MATERIAL FOR THIS EXERCISE -
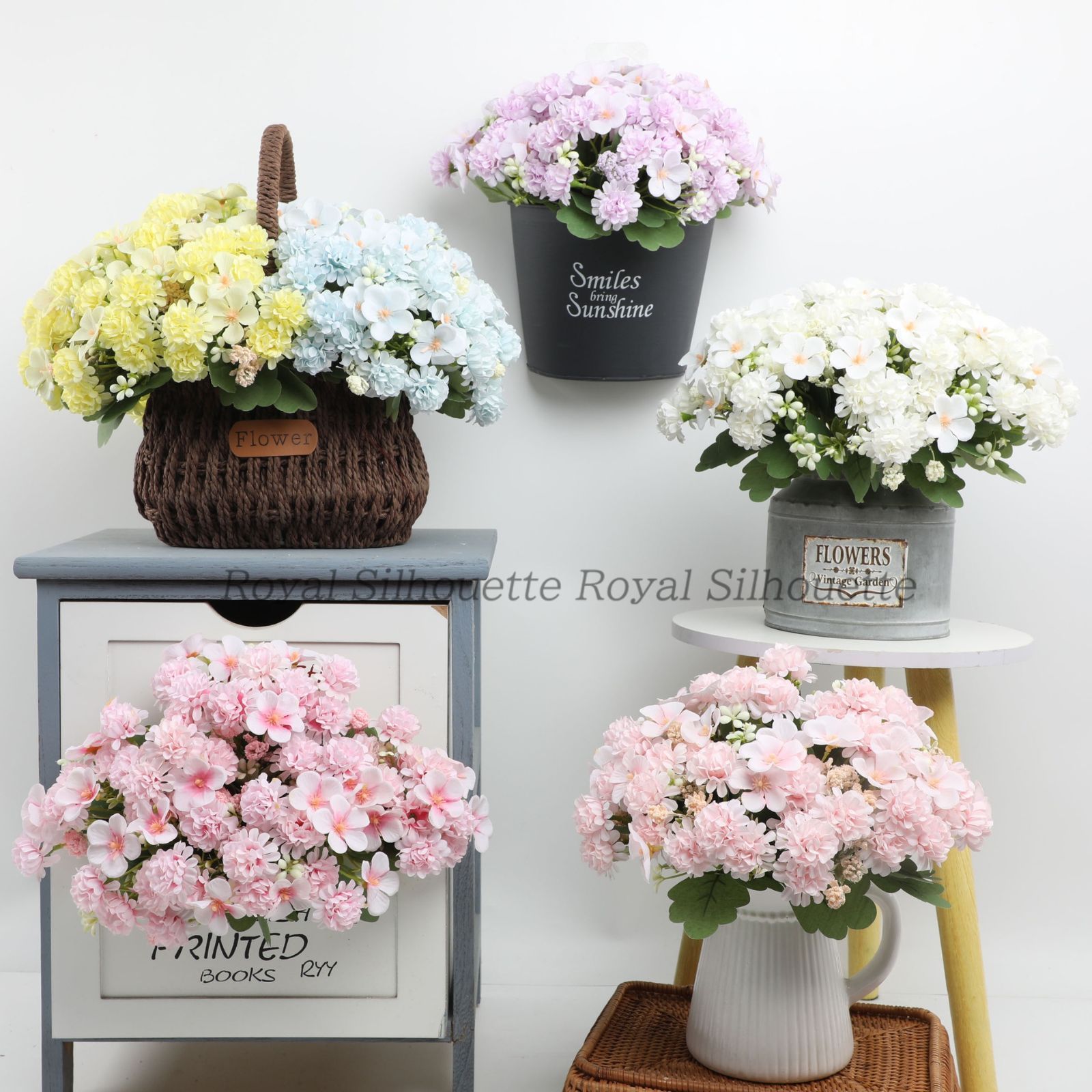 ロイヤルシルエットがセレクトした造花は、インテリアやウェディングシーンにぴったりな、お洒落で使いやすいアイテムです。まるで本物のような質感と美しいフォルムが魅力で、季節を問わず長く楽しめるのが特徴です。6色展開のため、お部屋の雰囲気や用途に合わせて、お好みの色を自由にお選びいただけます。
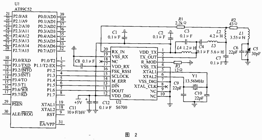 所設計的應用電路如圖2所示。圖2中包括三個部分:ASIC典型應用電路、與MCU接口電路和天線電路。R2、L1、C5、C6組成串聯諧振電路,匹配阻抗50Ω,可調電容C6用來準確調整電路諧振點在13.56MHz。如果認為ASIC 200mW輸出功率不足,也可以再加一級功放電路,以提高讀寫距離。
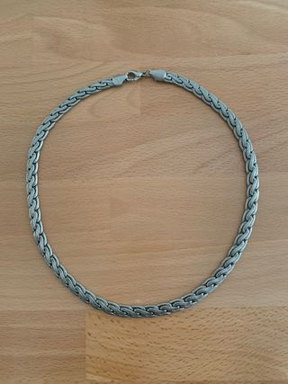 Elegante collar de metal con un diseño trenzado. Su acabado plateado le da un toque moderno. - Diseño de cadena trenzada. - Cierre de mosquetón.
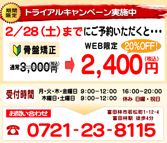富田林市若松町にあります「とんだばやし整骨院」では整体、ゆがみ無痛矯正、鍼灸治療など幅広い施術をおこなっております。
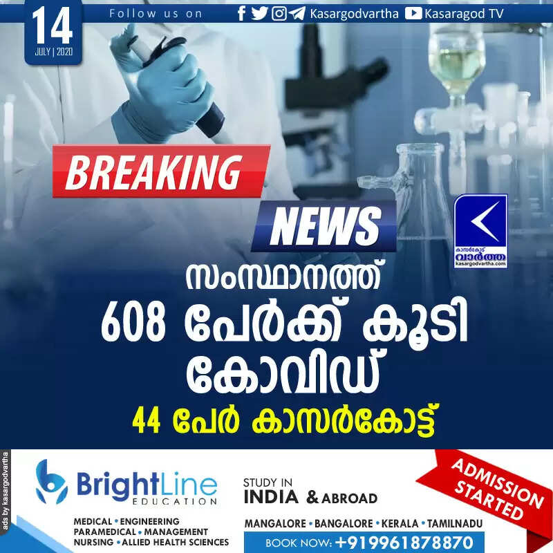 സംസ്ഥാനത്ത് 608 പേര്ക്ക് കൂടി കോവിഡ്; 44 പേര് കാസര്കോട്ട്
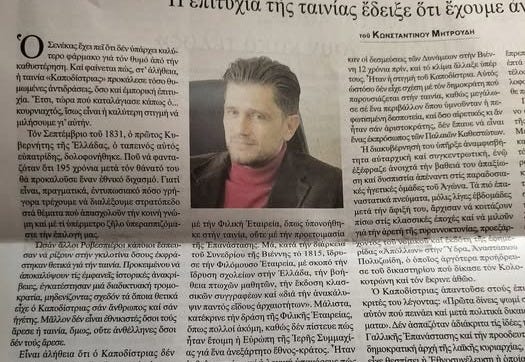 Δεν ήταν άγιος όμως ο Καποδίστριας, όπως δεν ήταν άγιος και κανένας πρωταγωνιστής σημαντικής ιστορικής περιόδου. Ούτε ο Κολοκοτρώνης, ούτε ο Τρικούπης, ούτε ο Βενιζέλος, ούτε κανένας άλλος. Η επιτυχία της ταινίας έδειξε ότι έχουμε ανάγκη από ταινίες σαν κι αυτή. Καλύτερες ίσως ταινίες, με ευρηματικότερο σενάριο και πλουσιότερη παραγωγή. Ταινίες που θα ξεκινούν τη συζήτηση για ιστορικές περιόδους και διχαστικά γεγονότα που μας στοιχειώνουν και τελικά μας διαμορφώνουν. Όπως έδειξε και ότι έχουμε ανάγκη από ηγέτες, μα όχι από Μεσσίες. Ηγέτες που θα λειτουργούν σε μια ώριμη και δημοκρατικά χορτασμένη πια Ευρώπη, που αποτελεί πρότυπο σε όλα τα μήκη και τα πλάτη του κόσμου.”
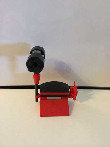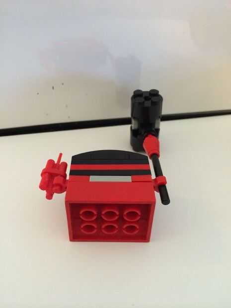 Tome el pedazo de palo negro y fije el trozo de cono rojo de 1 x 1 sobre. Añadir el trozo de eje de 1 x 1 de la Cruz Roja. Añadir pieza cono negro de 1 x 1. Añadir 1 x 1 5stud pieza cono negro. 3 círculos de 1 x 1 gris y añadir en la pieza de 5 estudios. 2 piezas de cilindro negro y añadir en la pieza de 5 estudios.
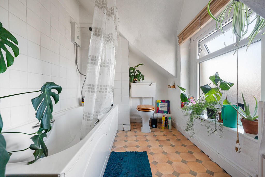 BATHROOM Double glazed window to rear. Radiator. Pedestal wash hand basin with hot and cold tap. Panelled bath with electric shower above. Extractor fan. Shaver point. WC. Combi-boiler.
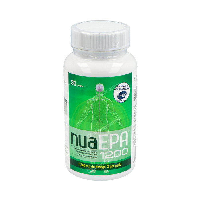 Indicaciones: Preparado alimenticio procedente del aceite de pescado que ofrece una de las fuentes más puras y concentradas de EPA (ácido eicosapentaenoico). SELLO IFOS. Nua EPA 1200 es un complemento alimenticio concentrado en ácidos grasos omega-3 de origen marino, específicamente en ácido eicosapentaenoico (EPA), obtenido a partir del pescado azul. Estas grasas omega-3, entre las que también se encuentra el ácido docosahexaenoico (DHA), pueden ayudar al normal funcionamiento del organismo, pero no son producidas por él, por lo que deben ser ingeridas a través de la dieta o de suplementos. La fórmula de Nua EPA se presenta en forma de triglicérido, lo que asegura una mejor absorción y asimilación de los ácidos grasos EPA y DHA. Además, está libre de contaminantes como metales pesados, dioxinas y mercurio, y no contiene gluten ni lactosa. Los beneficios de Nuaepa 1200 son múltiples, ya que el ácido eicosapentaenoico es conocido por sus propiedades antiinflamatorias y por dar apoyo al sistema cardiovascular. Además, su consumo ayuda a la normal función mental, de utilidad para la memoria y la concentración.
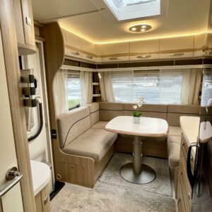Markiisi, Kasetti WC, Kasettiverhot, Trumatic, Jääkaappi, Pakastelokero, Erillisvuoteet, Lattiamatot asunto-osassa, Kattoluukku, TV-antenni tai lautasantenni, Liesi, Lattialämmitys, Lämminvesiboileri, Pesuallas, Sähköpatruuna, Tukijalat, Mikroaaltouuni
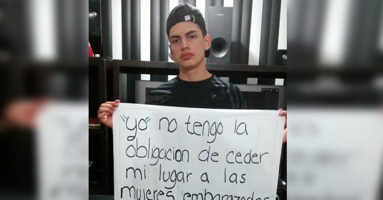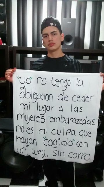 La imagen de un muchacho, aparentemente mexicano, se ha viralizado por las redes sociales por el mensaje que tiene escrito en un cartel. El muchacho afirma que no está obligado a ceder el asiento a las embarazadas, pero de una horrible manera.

INSTRUCTIONS TO FOLLOW - Reproduce, exactly and only, the lines of the records above starting at the line with "Elegante collar de" and ending at the line with "സംസ്ഥാനത്ത് 608 പേര്ക്ക്", both included. Leave every picture out.

WRITTEN ANSWER -
 Elegante collar de metal con un diseño trenzado. Su acabado plateado le da un toque moderno. - Diseño de cadena trenzada. - Cierre de mosquetón.
富田林市若松町にあります「とんだばやし整骨院」では整体、ゆがみ無痛矯正、鍼灸治療など幅広い施術をおこなっております。
 സംസ്ഥാനത്ത് 608 പേര്ക്ക് കൂടി കോവിഡ്; 44 പേര് കാസര്കോട്ട്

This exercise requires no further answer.